Likewise, client bases are in a dramatic state of flux as well. Consider the banking industry, for example, where business clients are facing new challenges related to insolvency, furloughs, suspension of operations, bankruptcies and closures. Bankers need to be able to assess what their existing clients look like now and what they need most. They also need to be able to prioritize acquisition targets in this new marketplace based on the freshest risk and credit information. By leveraging predictive marketing techniques in concert with real-time data sources, bankers can profile their existing client portfolios, analyze portfolio risk, and smartly prioritize their up-sell and new business opportunities. Predictive marketing can help them manage the customer experience, ensuring they reach clients at home or in the office with relevant service offerings or suggested modifications based on what’s happened to their businesses or personal finances in recent months.
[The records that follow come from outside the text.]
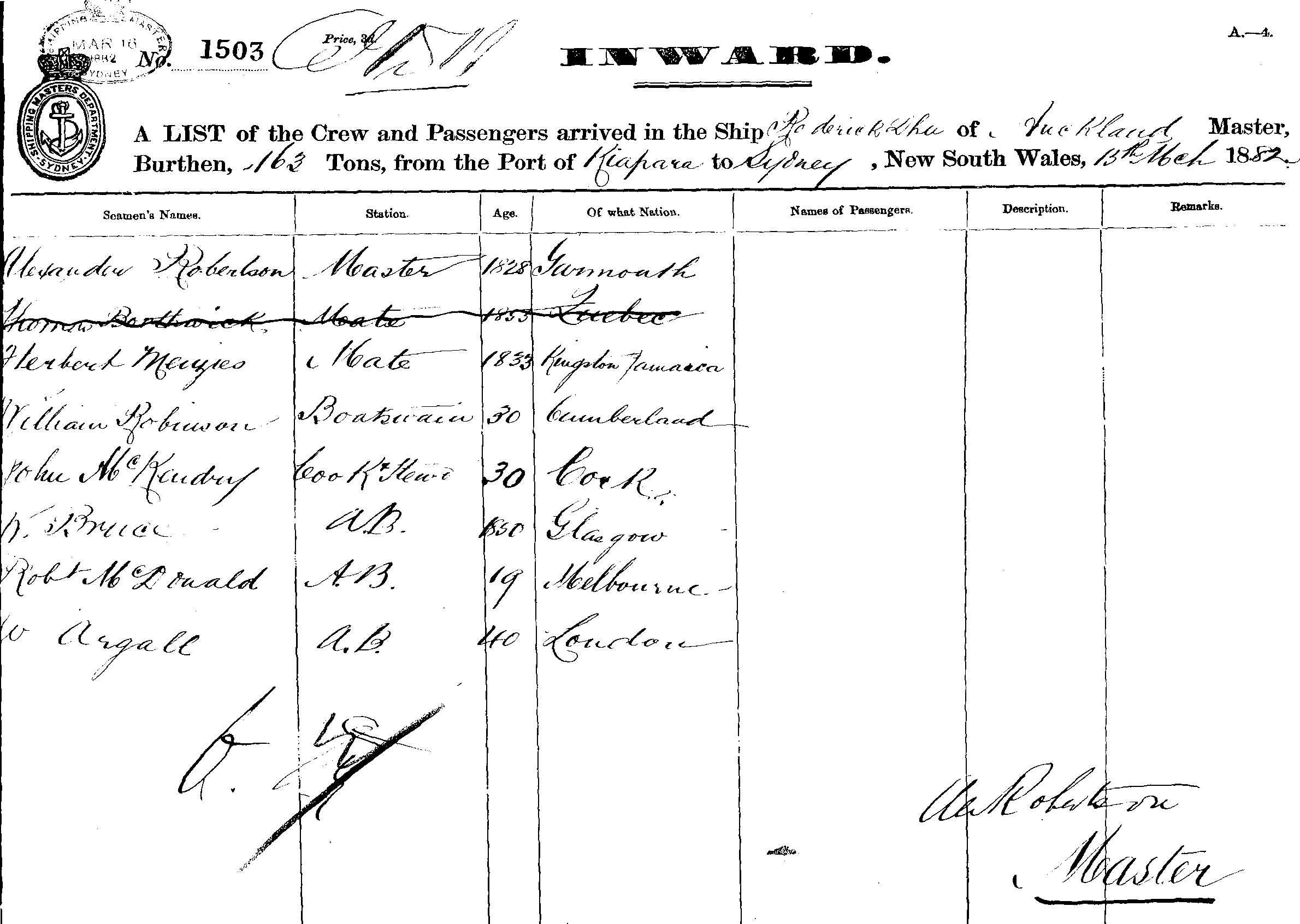 RODERICK DHUOF AUCKLAND, A W ROBERTSON, MASTER, BURTHEN 163 TONS FROM THE PORT OF KIAPARA TO SYDNEY, NEW SOUTH WALES, 13TH MARCH 1882 |
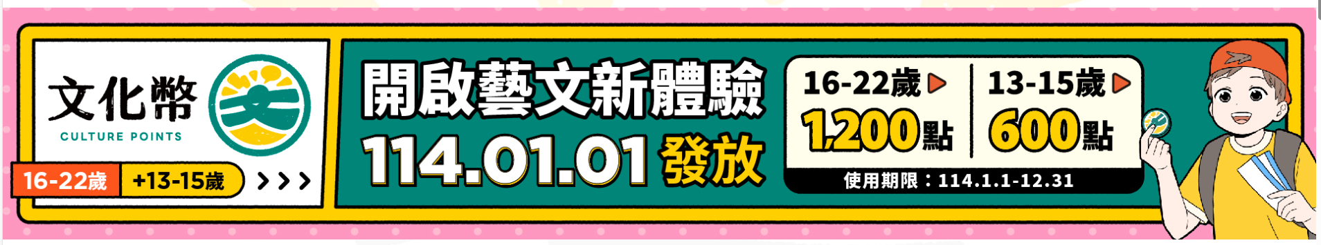 2.114年度13-15歲每人發放600點文化幣(1點等同新臺幣1元)試辦計畫,培養青少年藝文消費習慣。相關活動可參閱附檔之文化幣懶人包。
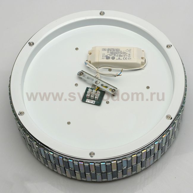 Основание светильника выполнено из металла и гальванизировано в цвет хрома. Корпус светильника декорирован витражным стеклом цвета хрома. Светодиодный источник света типа SMD-board закрыт рассеивателем из белого матового акрила.
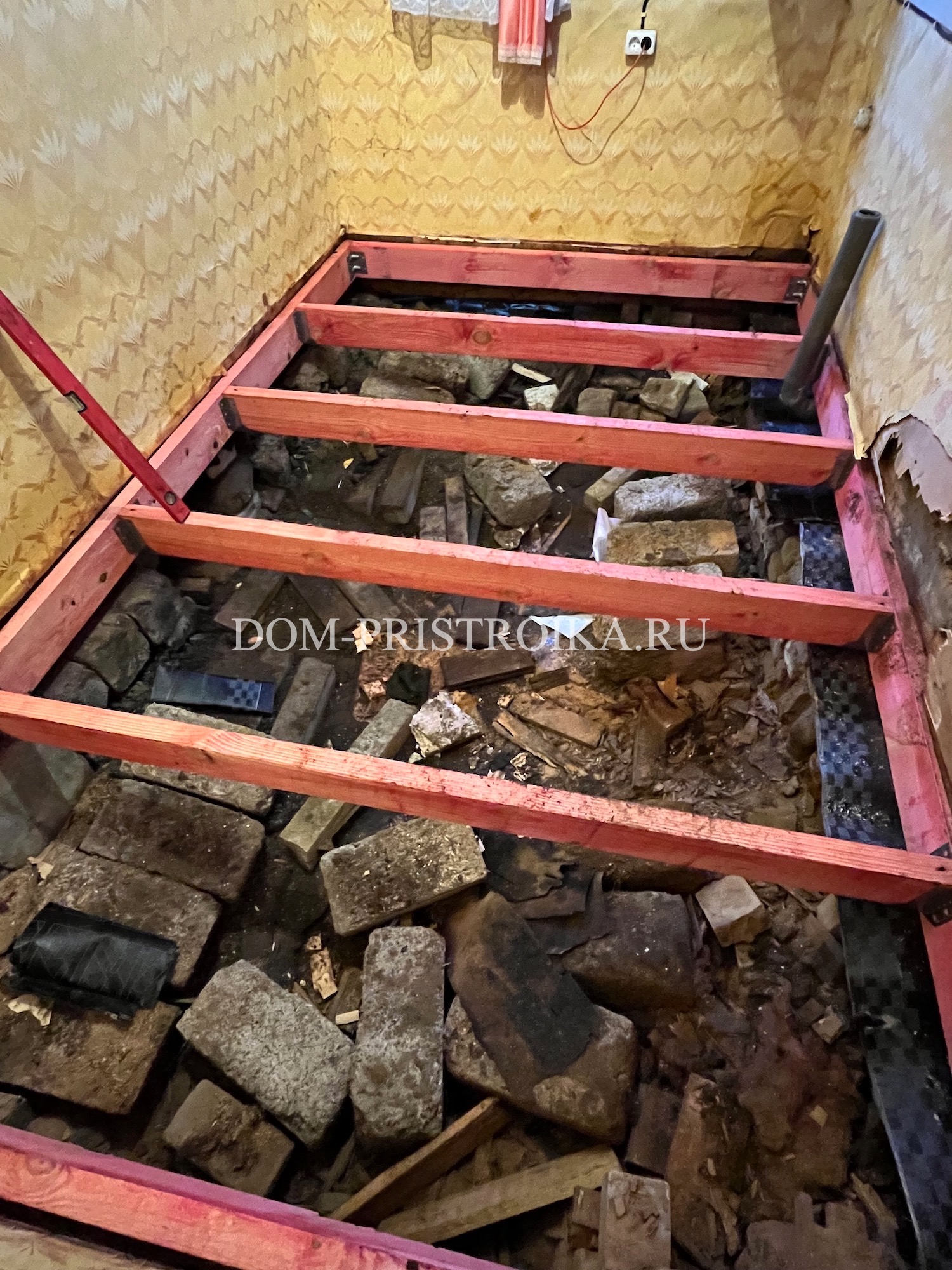 - Монтаж лаг пола из доски камерной сушки 50х150 мм
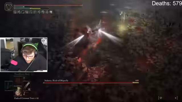 06:04:06Nachdem der Streamer einem Rat des Chats gefolgt ist und sich zurückgezogen hat, wird er dennoch von einem Angriff Malenias getroffen. Er fühlt sich von der Community angelogen und ist am Ende seiner Kraft. Die andauernde Frustration, Hunger und der hohe Zeitaufwand führen dazu, dass er den Kampf abbricht und den Stream für beendet erklärt.
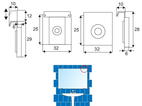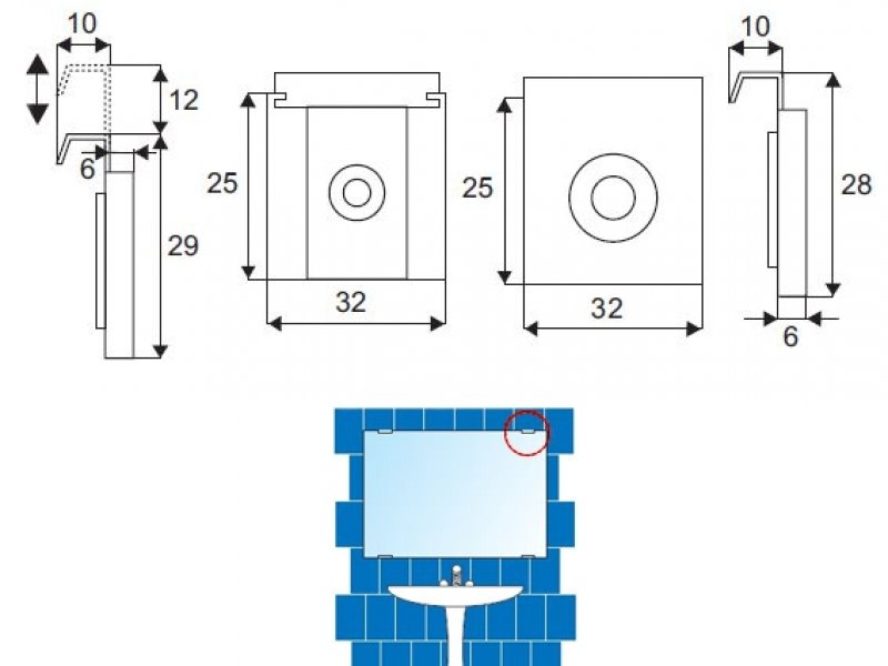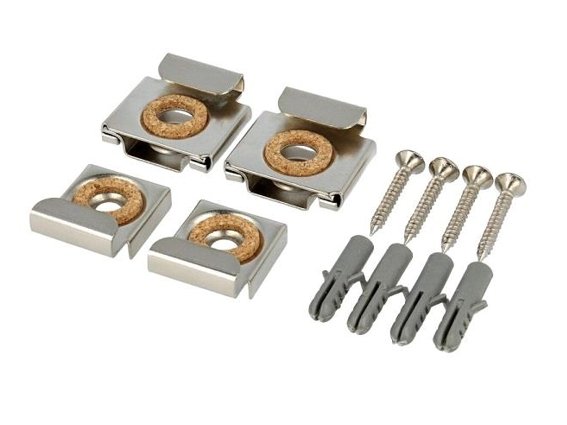 Zrcadlový klip s pružinou Sada zrcadlových klipů s pružinou slouží k uchycení zrcadel za pomoci dvou spodních pevných úchytů a dvou horních klipů s pružinou. Využítí tloušťka zrcadla 5-6mm Obsah balení 2ks spodní klip, 2ks horní klip s pružinou, 4ks hmoždinka, 4ks vrut
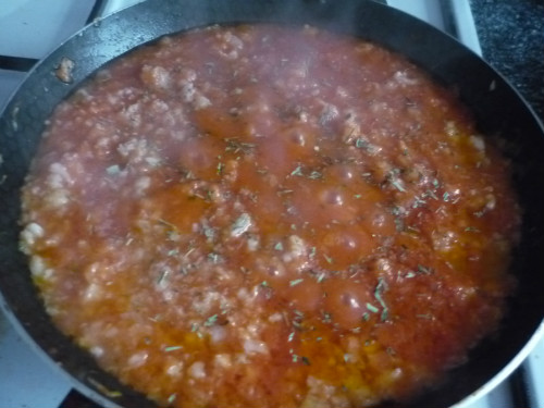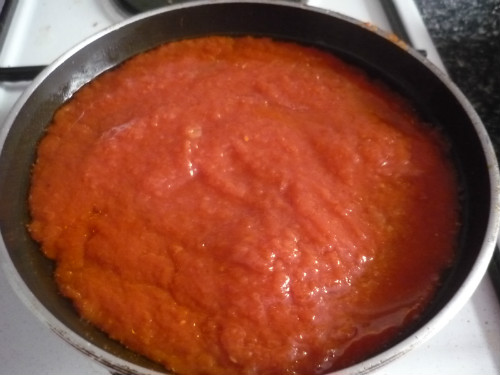 Pelar los tomates, cortar pequeños y freir en una sartén con un poco de aceite, sal y azúcar para quitar la acidez.
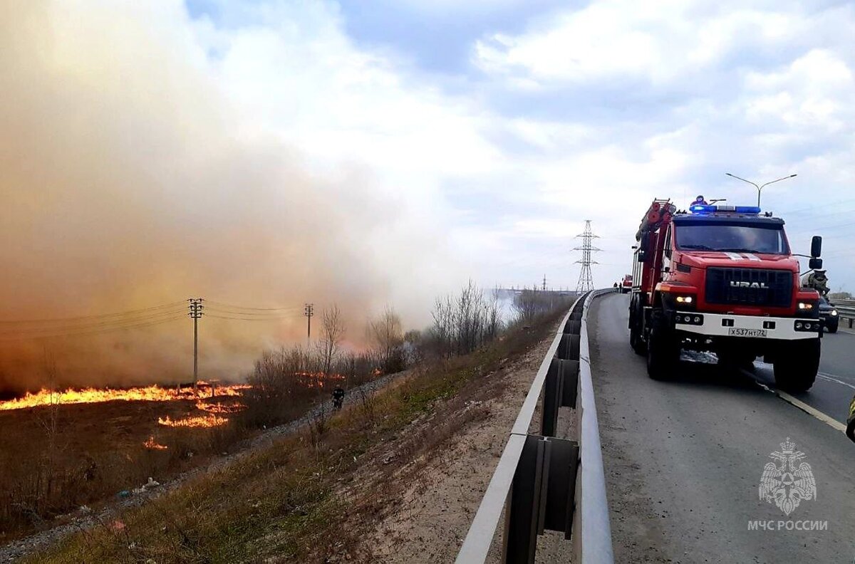 Тюменские пожарные справились с горящей сухой травой на Тобольском тракте
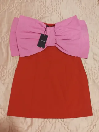 Hola, vendo un mini vestido de Sfera A ESTRENAR, CON ETIQUETA, en color rojo que destaca por su gran lazo en contraste de color rosa, ideal para eventos, fiestas de cóctel e invitadas de novia. Se trata de un modelo bicolor tipo color block con escote palabra de honor. Tiene un maxi lazo en color rosa que adorna tanto la parte delantera como la trasera, creando un efecto de volumen estructurado. Diseño strapless. Tiene forro. Marca: Sfera. El corte inglés. Talla: M Su precio de lanzamiento fue 49,99 €. EL MINI VESTIDO LAZO ESTÁ COMPLETAMENTE A ESTRENAR Y CON SU ETIQUETA. Yo lo vendo por 20€. Menos de la mitad. Un saludo.

Refine personalization strategies

Even brands that had mastered personalization in a pre-COVID reality will have to scrap and rebuild previous best practices to accommodate new business engagement patterns and competitive shifts. We’ve seen this play out in recent months in the insurance industry. For example, given the dramatic shift in the employment landscape following the pandemic, a top health insurance company knew they had the opportunity to reach recently unemployed individuals with appropriate health insurance offerings. To do this, though, they needed to understand this audience, their values and their mindsets and use this information to develop segments and target each with appropriate offerings based on their real-time situations. The provider tapped into business, consumer and intent data sets and used internal predictive models to identify recently unemployed individuals. The insurance provider then reached out via digital channels to offer less expensive, more relevant individual family plans, Medicaid and Medicare in lieu of Cobra, thereby meeting consumers at a time of great need with the right solutions.

Done right with expanded data assets, predictive marketing builds toward more personalized customer experiences and interactions that continue to improve over time, even as consumers’ worlds shift around them. Predictive marketing is about meeting consumers on their terms, where and how they prefer—and being there for them when they are ready.